Many factors can potentially alienate theatregoers

Matt Trueman

Matt Trueman

| London |

13 July 2015

Maxine Peake (the Skriker), Laura Elsworthy (Josie), Juma Sharkah (Lily)
Maxine Peake, Laura Elsworthy and Juma Sharkah in The Skriker, which is advertised as running for 90 minutes
© Jonathan Keenan

Received wisdom has it that it doesn't take much to put people off from attending the theatre.

Yes, West End attendances are growing year on year, there are early queues for day seats and returns, and, from where I'm sat, British theatre seems in pretty rude health. Health all the more remarkable given all the cuts to arts funding delivered in the name of, ugh, austerity.

Of course, I'm seeing this picture of health from a deeply privileged point of view – as someone who has been encouraged to build a theatregoing habit, as someone who knows where to go and how theatres work, and, over and above, as a critic with all the free tickets and interval drinks that entails.

Not everyone has anything like that relationship to the theatre though and attending can feel like an effort – especially given the ease and scope of a Netflix subscription, let alone the perceptions of theatre as an elitist art-form. In the bid to make it more accessible, theatres need to consider the structures surrounding a show as much as the show itself.
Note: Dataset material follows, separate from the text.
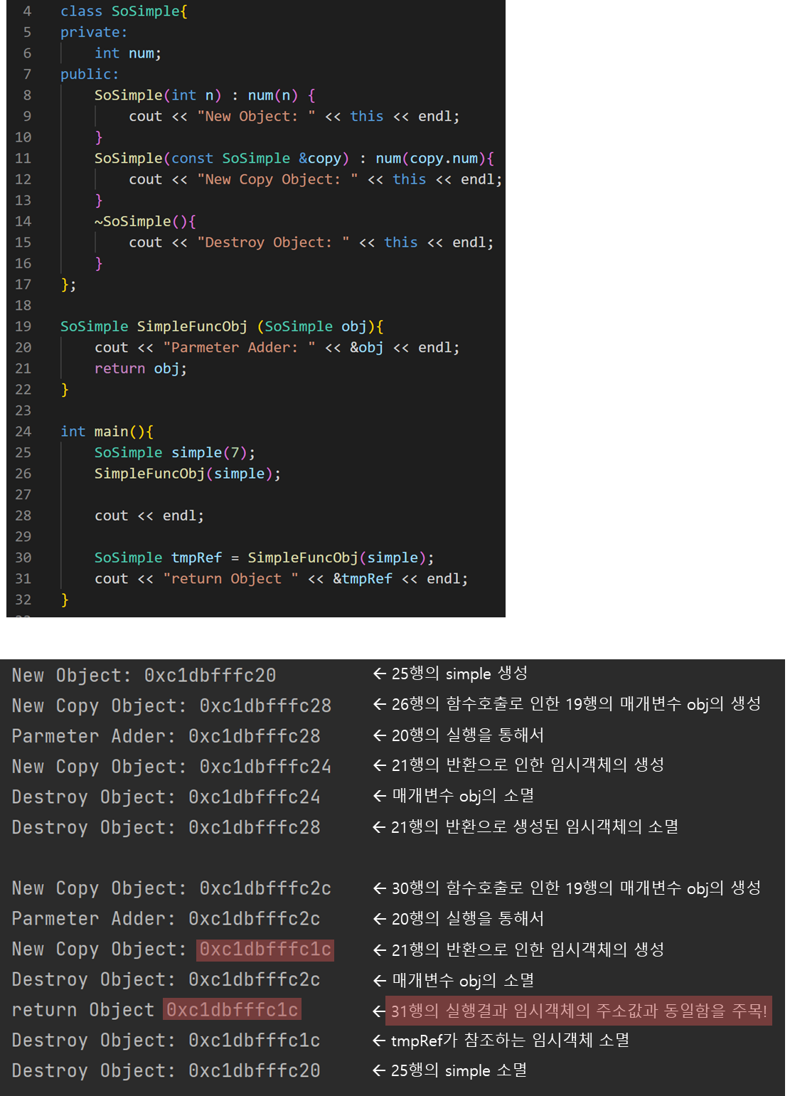 1. 임시객체는 다음행으로 넘어가면 바로 소멸된다.

When buildings get this right, it can have a real impact. Two blogs last week really illustrated that. The first, by Lily Einhorn who oversees the Young Vic's Two Boroughs project, talks through its structures for making new audiences feel welcome: offering free first-time tickets to local residents, greeting them (by name) as they arrive and ensuring that they know what to expect.

In the second, Annabel Turpin, artistic director of the ARC in Stockton, explains the success of its Pay What You Can policy, which aims to take the financial risk out of theatregoing. In six months, attendances are up by 58% and income, up by 82% with a big jump in first-time visitors to boot.
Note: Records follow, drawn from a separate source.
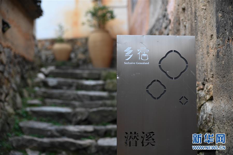 这是在浙江省松阳县三都乡杨家堂村拍摄的一家民宿的指示牌(7月17日摄)。
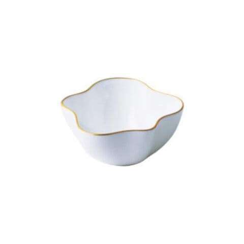 | 花のかたちの小さなボウル(満水時容量約270cc)です。小鉢としてお使いいただけます。豪華な金色の縁取りが、より洗練された印象を与えます。 真っ白なボーンチャイナに映える華やかな金が、食事の場をより楽しく華やかなものに変えるでしょう。 |
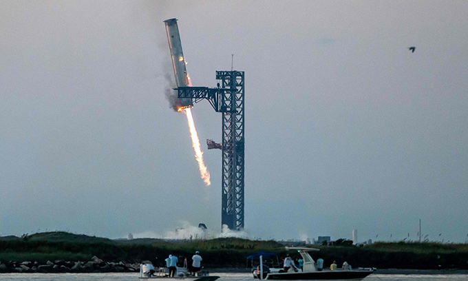 슈퍼헤비 로켓은 지상에 가까워지면서 엔진을 재점화해 역추진하는 방식으로 속도를 급격히 줄인 뒤 서서히 수직으로 하강하다 방향을 살짝 조정해 발사탑에 설치된 젓가락 모양의 두 로봇팔 사이에 정확하게 들어갔다.
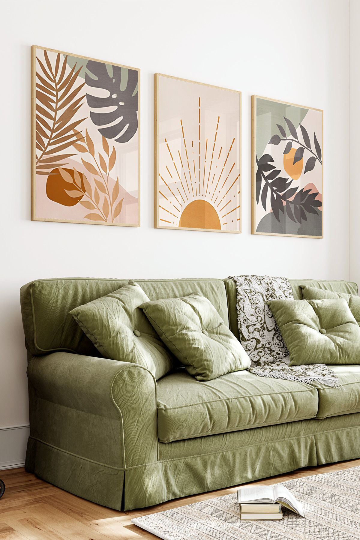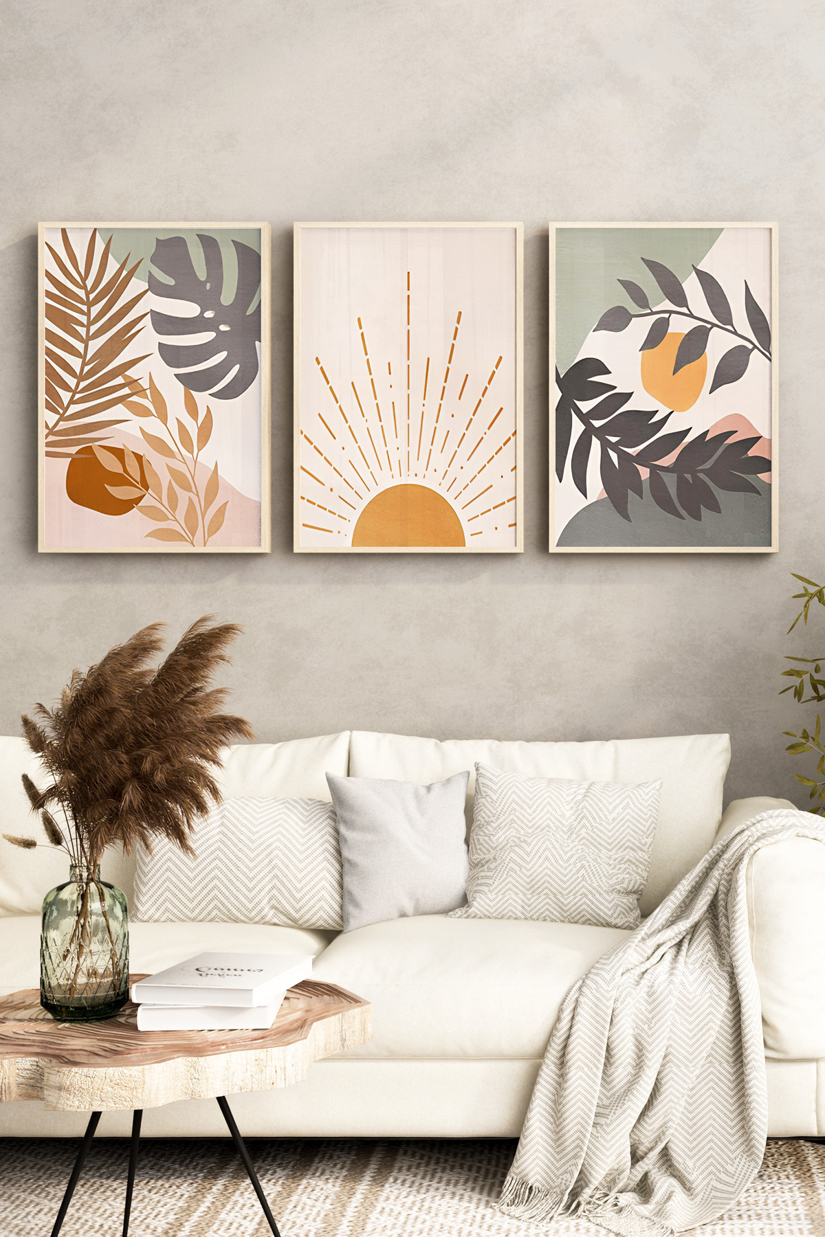🌿 Güneş ve Yaprak Temalı 3’lü Ahşap Çerçeveli Tablo Seti🌿 CRV1138

It's not just the work onstage that counts towards our experience of the theatre. Everything does. Theatres have to remember that.
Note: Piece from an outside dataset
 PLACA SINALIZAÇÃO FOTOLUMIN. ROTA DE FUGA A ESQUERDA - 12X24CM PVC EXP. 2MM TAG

But, don't make it any harder for audiences than it already is. There are an infinite number of reasons not to come to the theatre. We don't need another one.

I'm writing this from the 16.55 from Manchester Piccadilly to London Euston. Not, as should have been the case, the 16.35. I missed that train and, were it not for a decent Virgin Rail employee, I'd have been £80 worse off on top of being sweat-soaked from a mad sprint across Manchester.

Why so? Simple. I was seeing The Skriker at the Royal Exchange on Sunday afternoon and, planning ahead, I'd checked the show's running time – 90 minutes, according to the theatre's website – in order to book a train home. Given a 2.30pm start, and allowing for a five minute delay at either end, it should have been down no later than 4.10pm, leaving 25 minutes for a stroll to the station. Plenty of time.

Instead, despite the show's starting on time, I got out of the theatre shortly after 4.25pm. The actual running time stands at 1 hour 50 minutes, leaving about eight minutes to make it to the station, some 15 minutes away.

Grumble, grumble. Grumble, grumble. Well, perhaps. Of course things change in rehearsal, shows swell and subside, and theatre, as a live art-form, is never entirely fixed. Some nights will start late. Others will overrun. All that is absolutely understandable.

However, a week into The Skriker's run and the theatre's website still says the show runs at 90 minutes. There was no notice in the theatre and no mention at the box office. To most, it won't matter. What's 20 minutes, after all?

Well, it's the difference between one train and another. It's a parent sat waiting in the car getting irritable. It's a taxi that gives up and moves on. Booking fees, queues for the loos, overpriced drinks and uninteresting, advert-heavy programmes, not to mention expensive tickets and uncomfortable seats – these are the things that drive audiences away, just as much as a dodgy show or two. This is what gives theatre a bad name.